▶ _WORK ORDER_:
In the data below, begin at the line with "-Capacidad de corte" and stop after the line with "נאדאל מסמן 'וי', במפגש"; output those lines exactly and no pictures.

▶ _PROVIDED RECORDS_:
_____

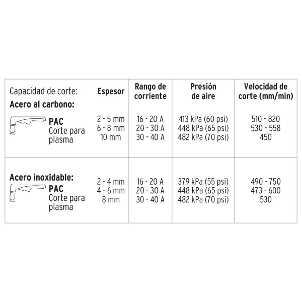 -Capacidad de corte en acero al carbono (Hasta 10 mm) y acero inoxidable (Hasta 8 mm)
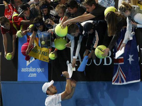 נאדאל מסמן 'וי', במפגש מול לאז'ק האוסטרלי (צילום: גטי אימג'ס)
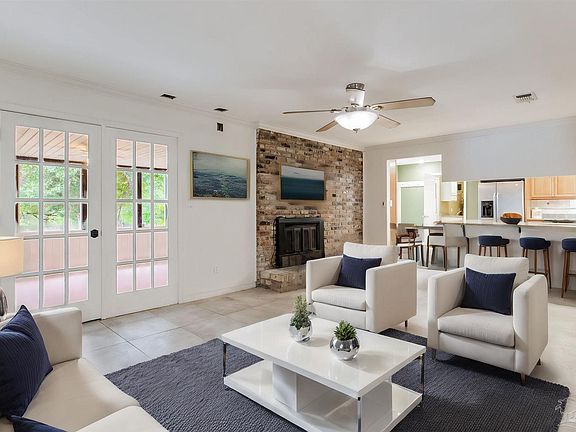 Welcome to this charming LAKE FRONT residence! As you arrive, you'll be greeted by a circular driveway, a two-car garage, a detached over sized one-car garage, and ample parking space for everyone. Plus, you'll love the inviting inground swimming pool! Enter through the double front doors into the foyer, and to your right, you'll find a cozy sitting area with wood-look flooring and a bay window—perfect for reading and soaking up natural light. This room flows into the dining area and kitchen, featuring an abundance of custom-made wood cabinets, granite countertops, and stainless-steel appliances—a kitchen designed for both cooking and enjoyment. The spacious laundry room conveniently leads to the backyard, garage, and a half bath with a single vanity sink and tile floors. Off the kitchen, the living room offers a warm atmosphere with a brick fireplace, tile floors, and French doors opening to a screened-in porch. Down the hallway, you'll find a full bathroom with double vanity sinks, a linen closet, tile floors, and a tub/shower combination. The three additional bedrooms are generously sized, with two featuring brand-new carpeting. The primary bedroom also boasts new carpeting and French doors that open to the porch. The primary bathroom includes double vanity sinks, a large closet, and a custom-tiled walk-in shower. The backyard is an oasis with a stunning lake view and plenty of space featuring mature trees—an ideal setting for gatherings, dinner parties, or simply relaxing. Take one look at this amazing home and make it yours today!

_____

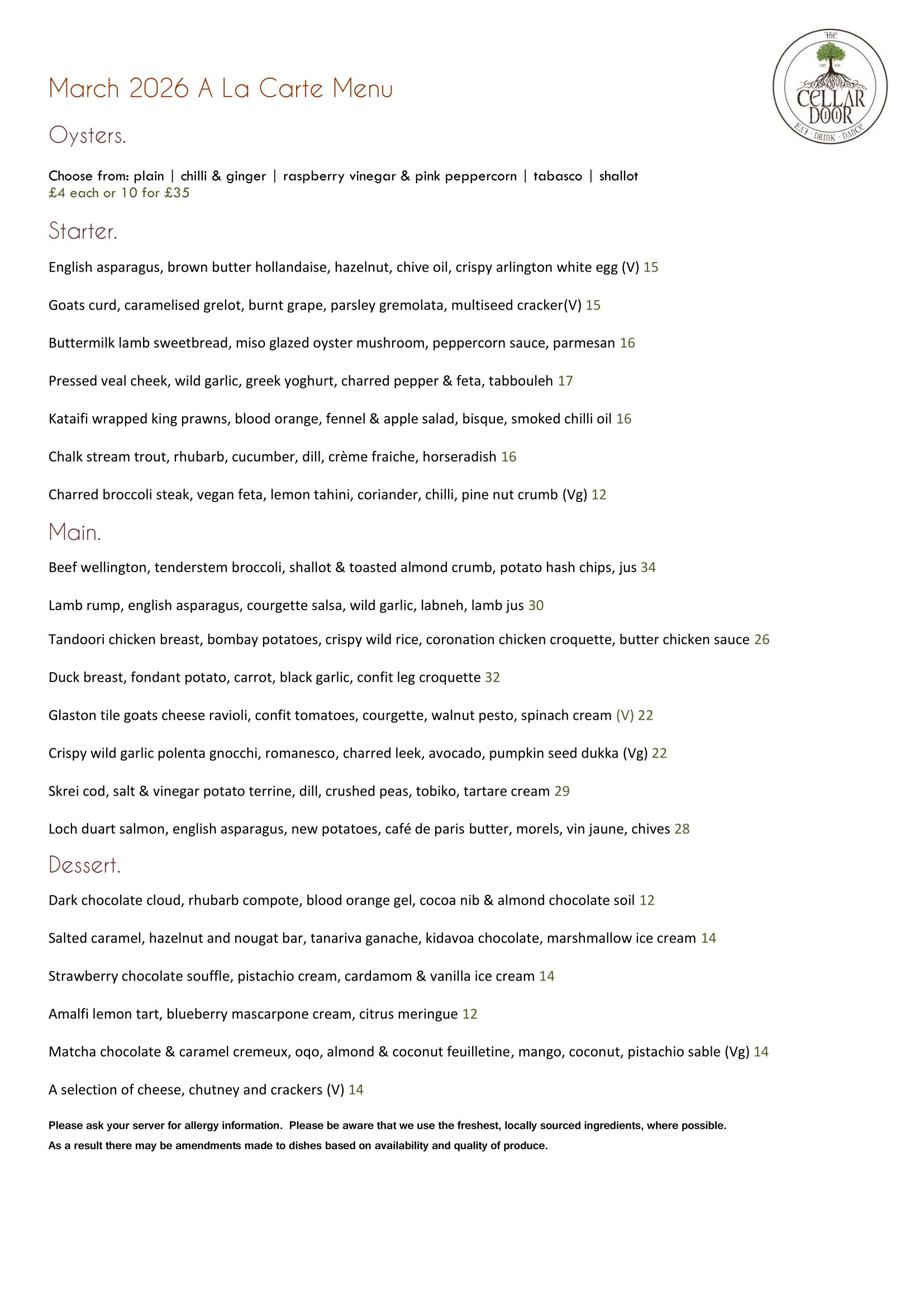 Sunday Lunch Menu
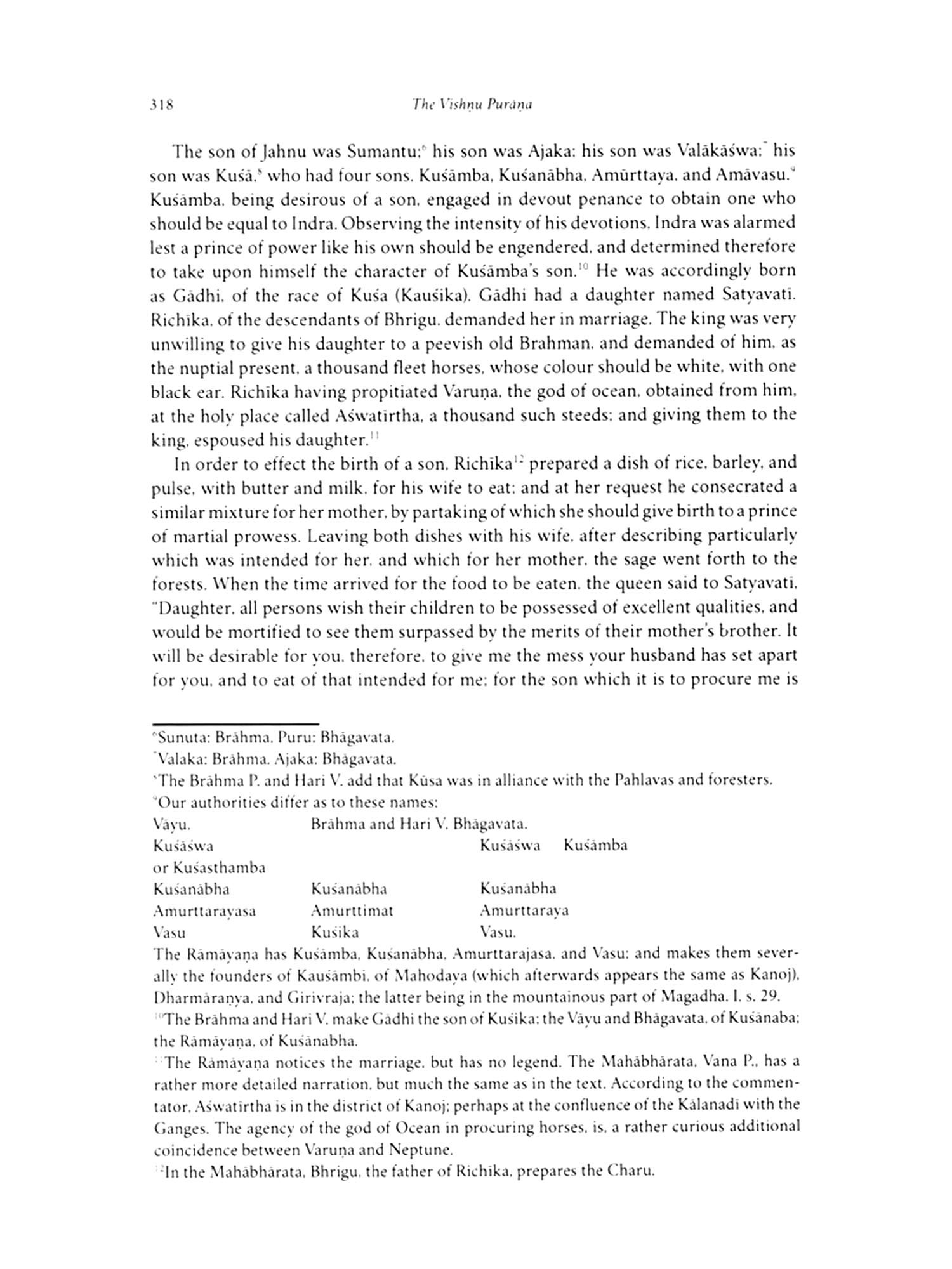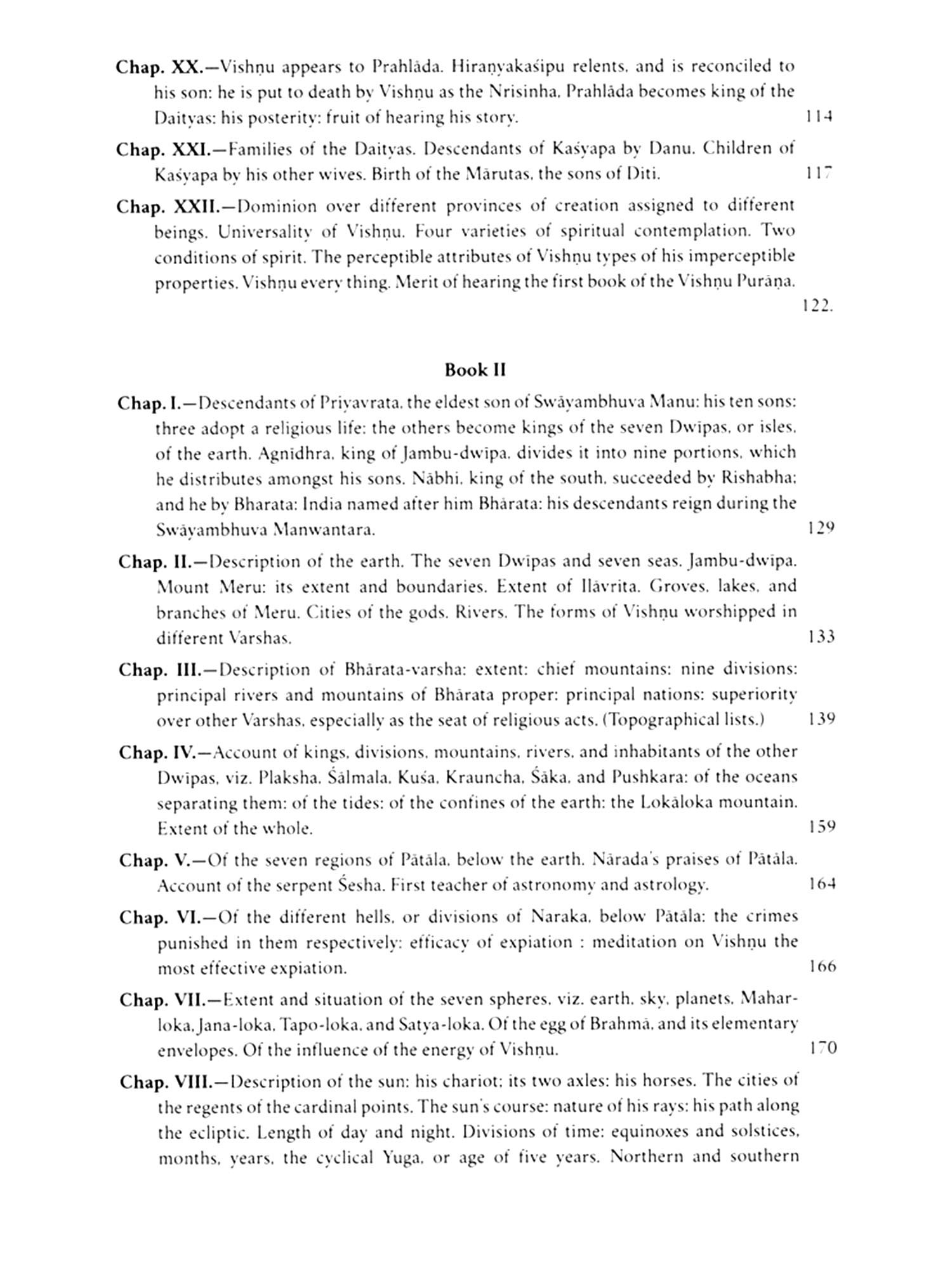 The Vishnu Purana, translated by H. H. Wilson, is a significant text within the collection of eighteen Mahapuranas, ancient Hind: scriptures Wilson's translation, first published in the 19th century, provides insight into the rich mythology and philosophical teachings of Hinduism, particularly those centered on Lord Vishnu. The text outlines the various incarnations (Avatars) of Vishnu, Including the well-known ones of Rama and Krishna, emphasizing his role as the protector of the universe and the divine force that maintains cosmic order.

_____

▶ _TASK SOLUTION_:
 -Capacidad de corte en acero al carbono (Hasta 10 mm) y acero inoxidable (Hasta 8 mm)
 נאדאל מסמן 'וי', במפגש מול לאז'ק האוסטרלי (צילום: גטי אימג'ס)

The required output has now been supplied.